TASK DESCRIPTION: Whenever a picture appears, leave it out while repeating all the other data exactly.

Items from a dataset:
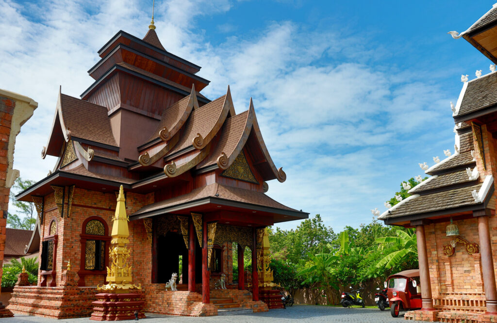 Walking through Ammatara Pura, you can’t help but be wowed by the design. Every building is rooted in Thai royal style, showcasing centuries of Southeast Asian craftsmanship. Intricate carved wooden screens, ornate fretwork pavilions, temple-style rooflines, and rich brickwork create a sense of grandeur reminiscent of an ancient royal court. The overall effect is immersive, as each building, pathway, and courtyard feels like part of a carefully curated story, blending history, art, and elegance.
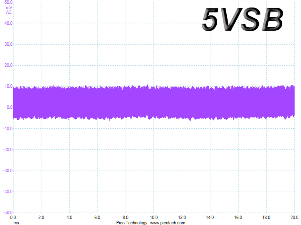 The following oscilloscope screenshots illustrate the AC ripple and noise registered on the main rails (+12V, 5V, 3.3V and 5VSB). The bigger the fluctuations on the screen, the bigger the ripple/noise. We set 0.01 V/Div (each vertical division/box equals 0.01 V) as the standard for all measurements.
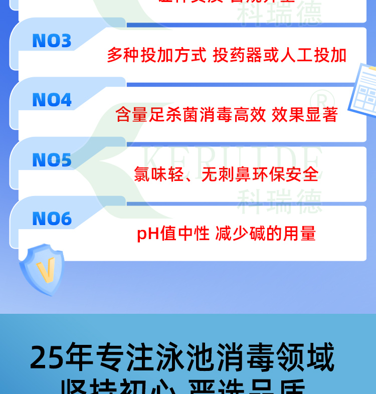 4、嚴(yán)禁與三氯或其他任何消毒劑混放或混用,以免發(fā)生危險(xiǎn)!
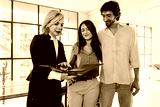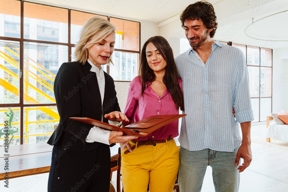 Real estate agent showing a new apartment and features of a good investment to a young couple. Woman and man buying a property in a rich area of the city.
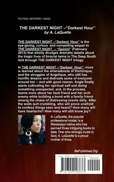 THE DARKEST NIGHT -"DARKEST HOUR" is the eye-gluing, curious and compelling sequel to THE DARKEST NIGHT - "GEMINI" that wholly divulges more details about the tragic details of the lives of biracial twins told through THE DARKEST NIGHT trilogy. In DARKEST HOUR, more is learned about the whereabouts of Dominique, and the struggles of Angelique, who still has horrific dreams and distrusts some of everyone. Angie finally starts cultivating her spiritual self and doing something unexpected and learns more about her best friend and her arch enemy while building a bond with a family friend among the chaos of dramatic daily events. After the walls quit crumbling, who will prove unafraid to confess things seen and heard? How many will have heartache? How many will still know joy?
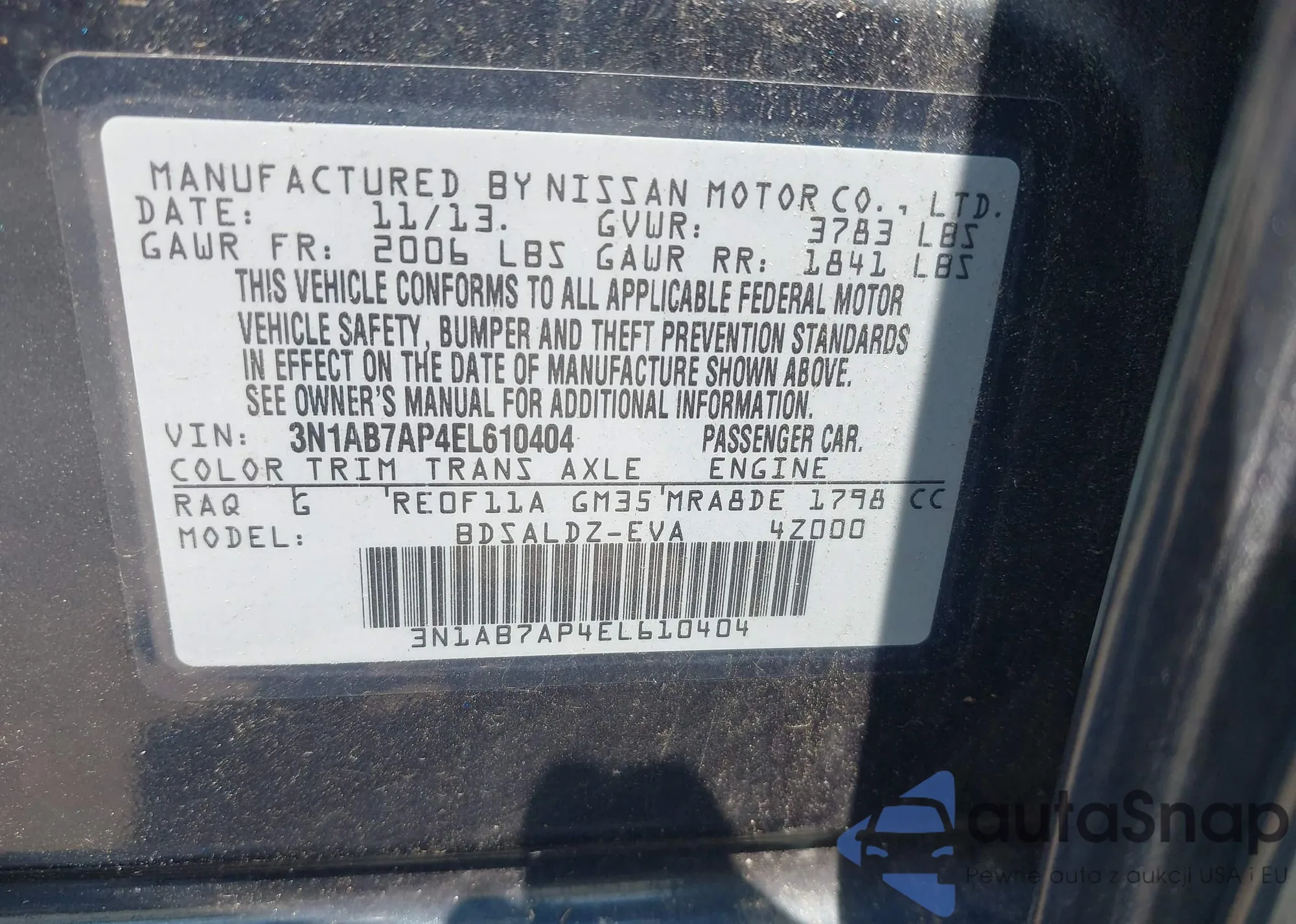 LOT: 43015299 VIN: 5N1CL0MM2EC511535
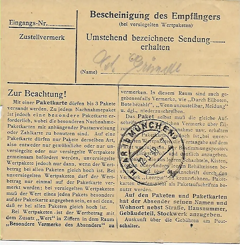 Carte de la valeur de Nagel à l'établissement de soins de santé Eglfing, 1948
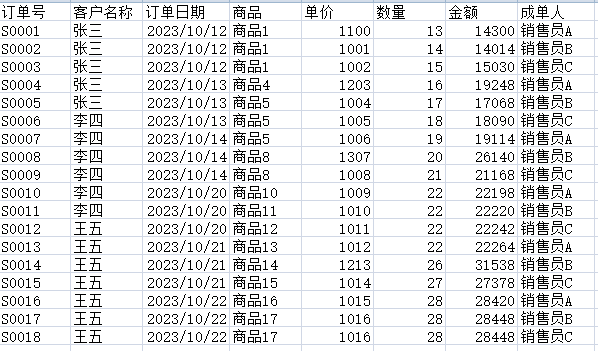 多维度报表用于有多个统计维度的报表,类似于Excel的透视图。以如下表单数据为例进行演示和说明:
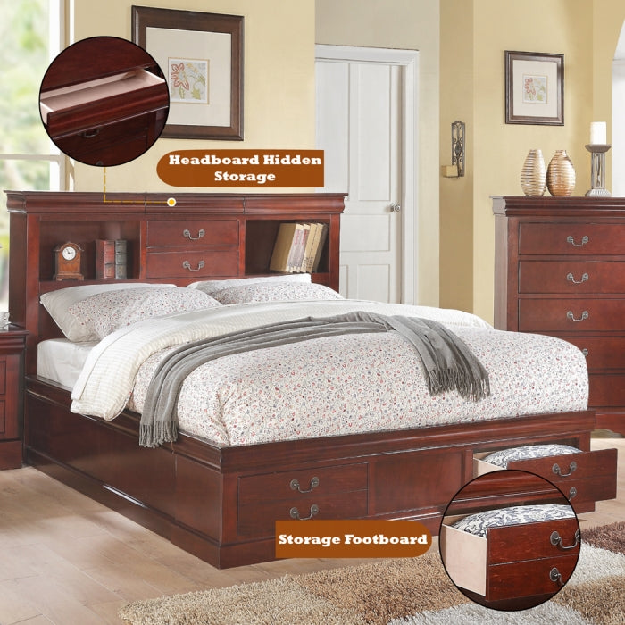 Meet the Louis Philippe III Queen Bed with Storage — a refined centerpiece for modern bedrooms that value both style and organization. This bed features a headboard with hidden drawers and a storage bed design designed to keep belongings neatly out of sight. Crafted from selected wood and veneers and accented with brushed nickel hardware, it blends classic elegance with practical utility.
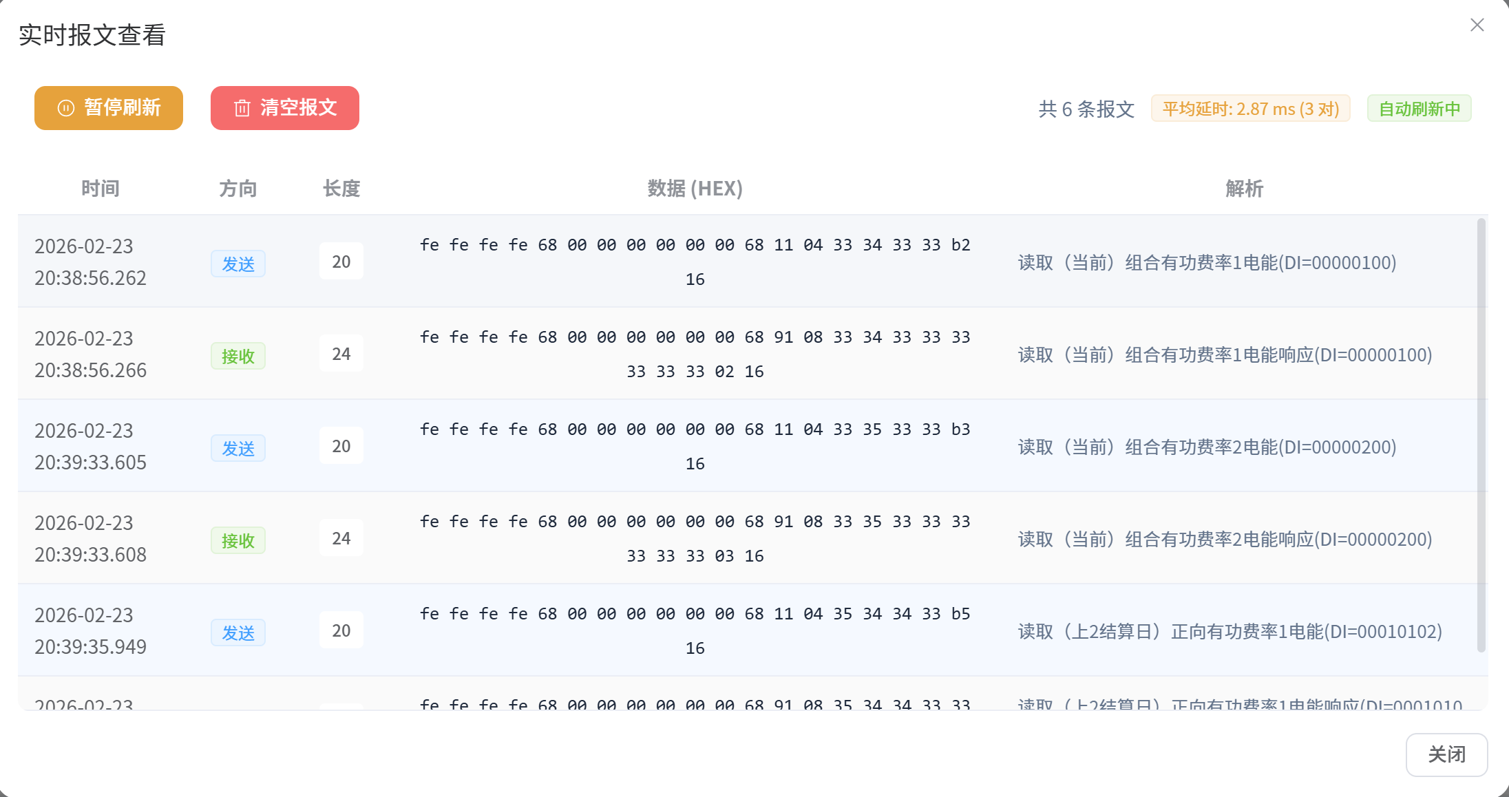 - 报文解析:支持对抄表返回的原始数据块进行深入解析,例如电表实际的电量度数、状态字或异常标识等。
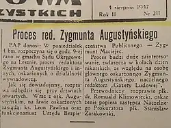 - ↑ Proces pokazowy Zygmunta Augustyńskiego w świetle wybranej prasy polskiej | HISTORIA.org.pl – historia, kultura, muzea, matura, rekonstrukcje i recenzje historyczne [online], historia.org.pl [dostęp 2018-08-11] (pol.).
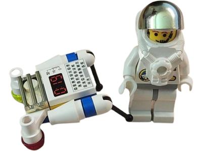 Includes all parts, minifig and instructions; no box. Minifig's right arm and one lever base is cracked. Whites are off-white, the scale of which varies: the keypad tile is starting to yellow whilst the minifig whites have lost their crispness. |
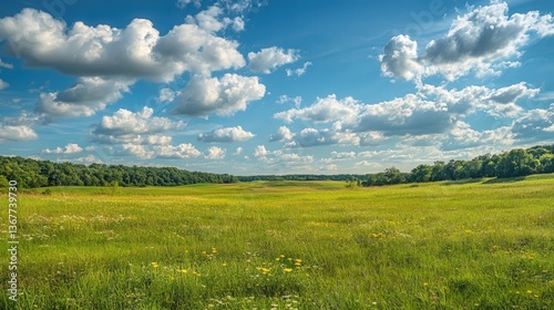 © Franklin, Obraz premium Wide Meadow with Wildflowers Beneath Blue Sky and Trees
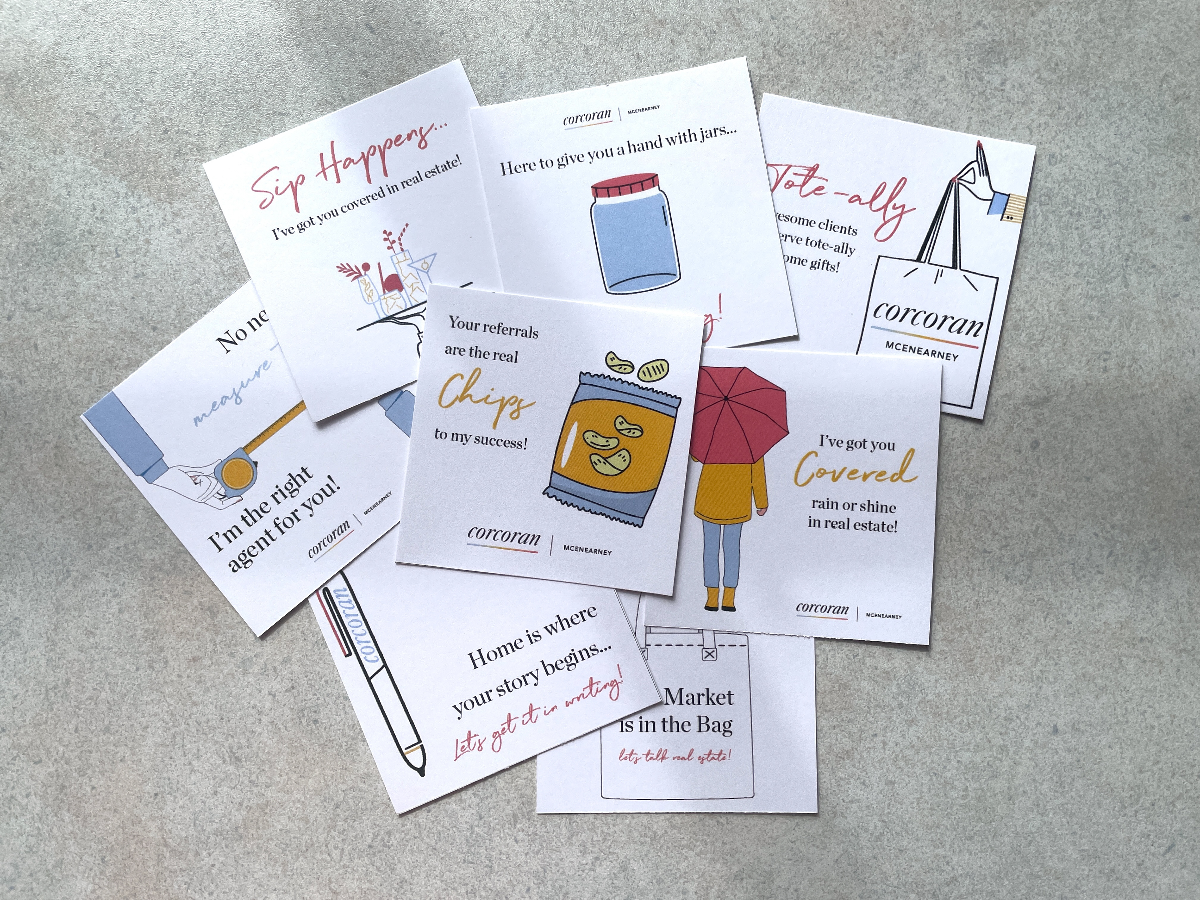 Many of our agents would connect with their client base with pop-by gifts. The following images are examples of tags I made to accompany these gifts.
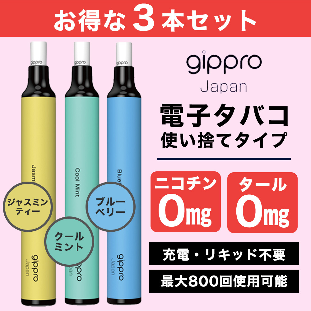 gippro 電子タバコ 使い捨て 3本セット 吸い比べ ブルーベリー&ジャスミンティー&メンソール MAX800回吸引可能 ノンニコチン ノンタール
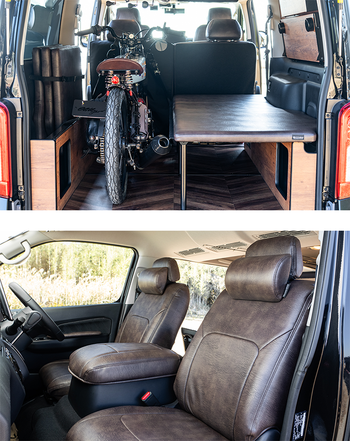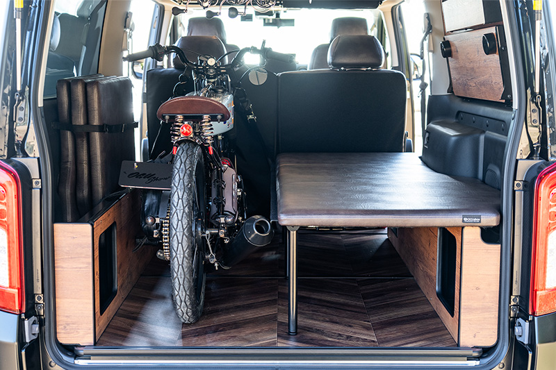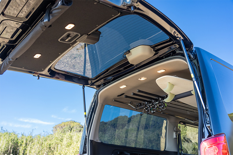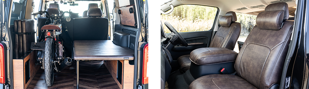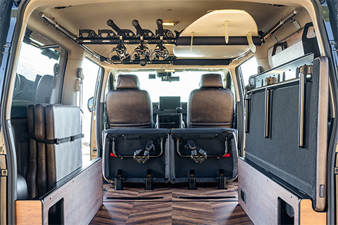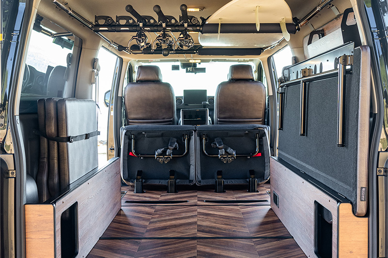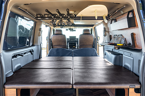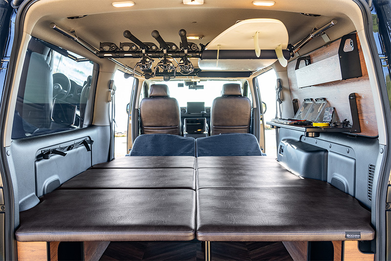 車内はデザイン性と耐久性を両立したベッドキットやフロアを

ANSWER TO THIS TASK:
 Walking through Ammatara Pura, you can’t help but be wowed by the design. Every building is rooted in Thai royal style, showcasing centuries of Southeast Asian craftsmanship. Intricate carved wooden screens, ornate fretwork pavilions, temple-style rooflines, and rich brickwork create a sense of grandeur reminiscent of an ancient royal court. The overall effect is immersive, as each building, pathway, and courtyard feels like part of a carefully curated story, blending history, art, and elegance.
 The following oscilloscope screenshots illustrate the AC ripple and noise registered on the main rails (+12V, 5V, 3.3V and 5VSB). The bigger the fluctuations on the screen, the bigger the ripple/noise. We set 0.01 V/Div (each vertical division/box equals 0.01 V) as the standard for all measurements.
 4、嚴(yán)禁與三氯或其他任何消毒劑混放或混用,以免發(fā)生危險(xiǎn)!
 Real estate agent showing a new apartment and features of a good investment to a young couple. Woman and man buying a property in a rich area of the city.
 THE DARKEST NIGHT -"DARKEST HOUR" is the eye-gluing, curious and compelling sequel to THE DARKEST NIGHT - "GEMINI" that wholly divulges more details about the tragic details of the lives of biracial twins told through THE DARKEST NIGHT trilogy. In DARKEST HOUR, more is learned about the whereabouts of Dominique, and the struggles of Angelique, who still has horrific dreams and distrusts some of everyone. Angie finally starts cultivating her spiritual self and doing something unexpected and learns more about her best friend and her arch enemy while building a bond with a family friend among the chaos of dramatic daily events. After the walls quit crumbling, who will prove unafraid to confess things seen and heard? How many will have heartache? How many will still know joy?
 LOT: 43015299 VIN: 5N1CL0MM2EC511535
 Carte de la valeur de Nagel à l'établissement de soins de santé Eglfing, 1948
 多维度报表用于有多个统计维度的报表,类似于Excel的透视图。以如下表单数据为例进行演示和说明:
 Meet the Louis Philippe III Queen Bed with Storage — a refined centerpiece for modern bedrooms that value both style and organization. This bed features a headboard with hidden drawers and a storage bed design designed to keep belongings neatly out of sight. Crafted from selected wood and veneers and accented with brushed nickel hardware, it blends classic elegance with practical utility.
 - 报文解析:支持对抄表返回的原始数据块进行深入解析,例如电表实际的电量度数、状态字或异常标识等。
 - ↑ Proces pokazowy Zygmunta Augustyńskiego w świetle wybranej prasy polskiej | HISTORIA.org.pl – historia, kultura, muzea, matura, rekonstrukcje i recenzje historyczne [online], historia.org.pl [dostęp 2018-08-11] (pol.).
 Includes all parts, minifig and instructions; no box. Minifig's right arm and one lever base is cracked. Whites are off-white, the scale of which varies: the keypad tile is starting to yellow whilst the minifig whites have lost their crispness. |
 © Franklin, Obraz premium Wide Meadow with Wildflowers Beneath Blue Sky and Trees
 Many of our agents would connect with their client base with pop-by gifts. The following images are examples of tags I made to accompany these gifts.
 gippro 電子タバコ 使い捨て 3本セット 吸い比べ ブルーベリー&ジャスミンティー&メンソール MAX800回吸引可能 ノンニコチン ノンタール
 車内はデザイン性と耐久性を両立したベッドキットやフロアを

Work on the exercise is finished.